オークロードは致命傷には遠く及ばないくだらない攻撃だと思いつつも一つ気づいてしまう。
さっきまで鬱陶しく体を焼いてきた物はどこに行った?。
そう、開拓者達の総攻撃が開始されて以降炎の槍は放たれていない。
それは何故なのかオークロードはすぐに理解することとなる。
「今夜の飯は豚の串焼きだ」
顔中に大粒の汗を浮かべたカーリーの触媒にはこれまでとは一線を画す高純度の魔力が練られていた。
しかもどうやら開拓者達の能力向上の魔法がかけられている様で体全体が淡く発光している。

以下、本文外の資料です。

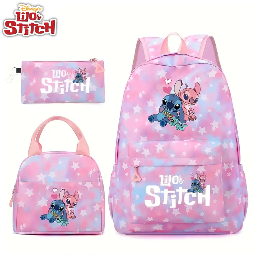 Ovaj razigrani 3-u-1 set s motivima omiljenih crtanih likova Stitch i Angel savršen je izbor za školu, putovanja ili kao poklon. Set uključuje veliki ruksak, kompaktnu torbu za užinu i praktičnu pernicu – svi elementi ukrašeni su veselim ilustracijama u pastelnim ružičasto-plavim tonovima.

頭の隅で警鐘が小さく鳴ったオークロードはカーリーの息の根を止めるため飛び出した。
弾丸の如く自身に迫るオークロードへ向け不遜な笑顔を浮かべ今日幾度と無く放った魔法の名を歌う様に呟いた。
『炎槍』
まるで攻城兵器であるバリスタを思わせる様相の業火が放たれる。
ゆっくりとオークロードに吸い込まれて行く炎の槍をトワイアは見つめ、そしてそれが化け物の命を奪える程の威力を秘めているものだと本能が理解した。
そして…。
真っ直ぐカーリーに向かっていたオークロードの鉄槌を持つ腕が肩からヘソに掛けた大部分の肉を巻き込み消し飛ばされた。

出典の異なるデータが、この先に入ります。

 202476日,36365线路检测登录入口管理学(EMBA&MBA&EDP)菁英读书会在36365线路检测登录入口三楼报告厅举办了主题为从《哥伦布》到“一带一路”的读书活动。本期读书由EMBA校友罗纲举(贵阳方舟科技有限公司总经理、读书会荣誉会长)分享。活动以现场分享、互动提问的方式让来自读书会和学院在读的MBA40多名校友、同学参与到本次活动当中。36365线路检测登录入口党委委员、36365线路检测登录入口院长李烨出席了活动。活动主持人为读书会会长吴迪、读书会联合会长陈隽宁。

カーリーは頭部を狙ったつもりだったが、動いている相手に魔法を当てるのは存外に難しい。俊敏に動く相手なら尚更だ。
しかし今の一撃は確実に致命傷である。傷口からドボドボと血を撒き散らす姿からそう遠く無いうちにその命が消える事は想像に難く無い。
開拓者も今の一撃を見て勝負は決まったと両手を上げて喜んでいる。
トワイアやカーリーだってそうだ。
しかし…彼らは1つだけ思い過ごしがある。
ズンと止め処なく血液を流す者にしてはしっかりとした足取りでそれは地面を踏みしめた。
オーク達は何故か己の命や怪我や死を恐れず向かってきた。生物としては狂っているとしか思えない様なその行動のせいで皆これ程までに苦しめられているのだ。
なのに何故。
オークロードは狂っていないと思えるのだろうか。
世界に火花が散る。
勝利を確信していたカーリーが空へと投げ出された。